▶ **Task brief**: If a picture appears in the records, skip it; copy everything else exactly.

▶ **Dataset excerpts**:
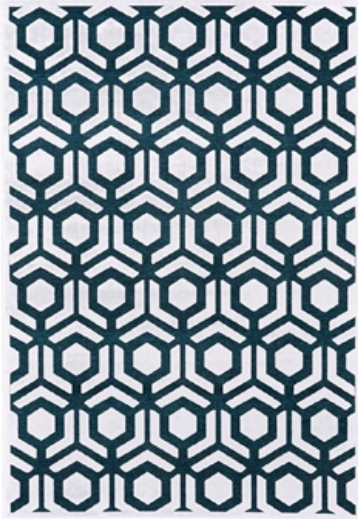
TEAL / WHITE
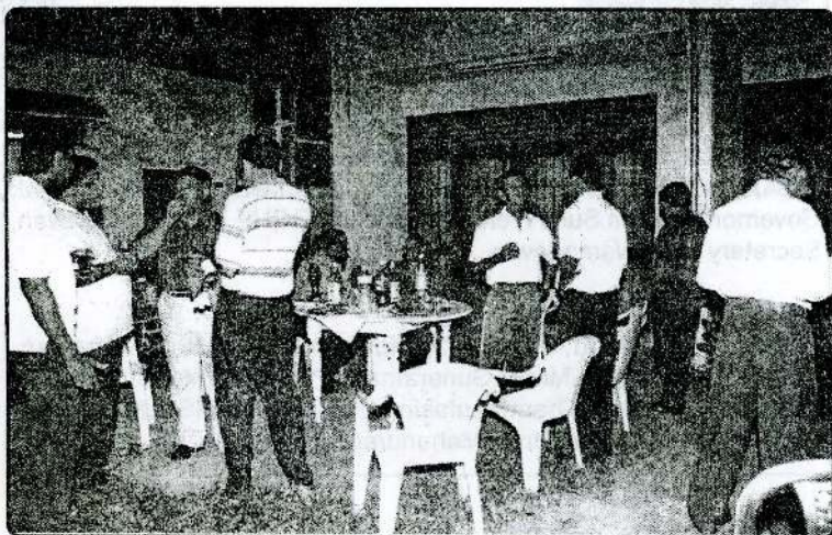
Members of Rotary Club, Colombo and Rotary Club of Jaffna at a party.
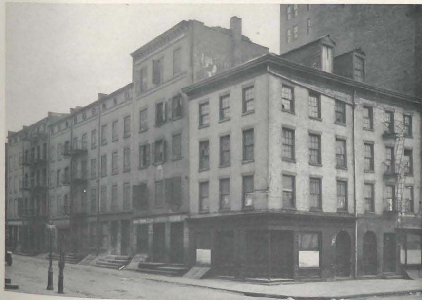
A view of the tenements and saloons which once occupied the site of the Institute's Annex Building at Front Street and Coenties Slip. When these were torn down in 1925 the Institute pioneered in slum-clearance by constructing a decent shore dwelling for merchant seamen.
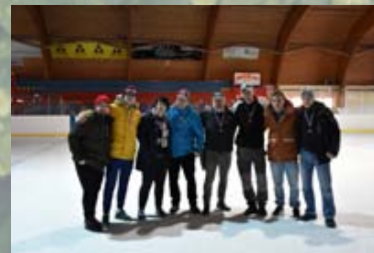
VŠETKY TÍMY SPOLU
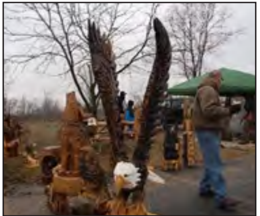
Chain Saw Woodcarvers
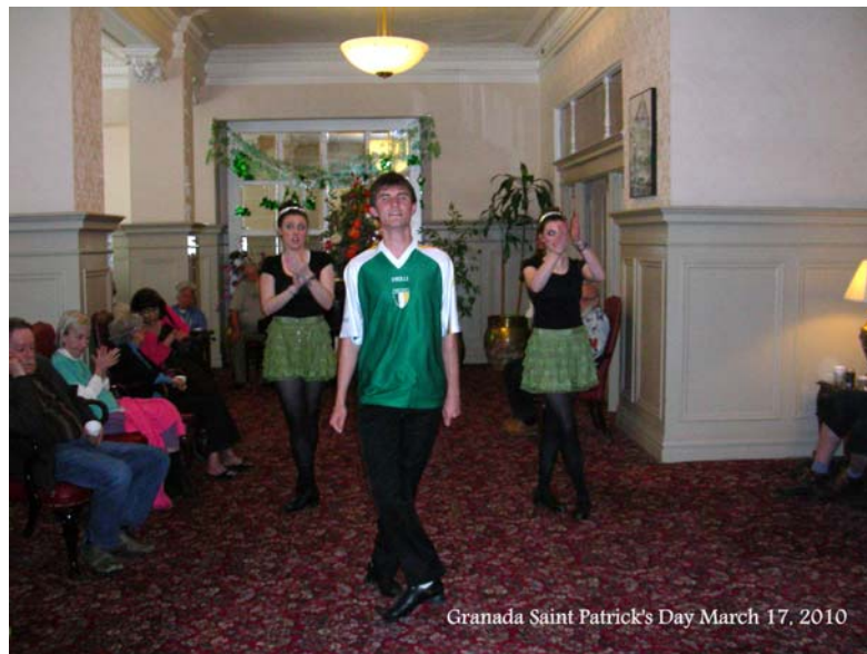
Granada Saint Patrick's Day March 17, 2010

▶ **Response below**:
TEAL / WHITE
Members of Rotary Club, Colombo and Rotary Club of Jaffna at a party.
A view of the tenements and saloons which once occupied the site of the Institute's Annex Building at Front Street and Coenties Slip. When these were torn down in 1925 the Institute pioneered in slum-clearance by constructing a decent shore dwelling for merchant seamen.
VŠETKY TÍMY SPOLU
Chain Saw Woodcarvers
Granada Saint Patrick's Day March 17, 2010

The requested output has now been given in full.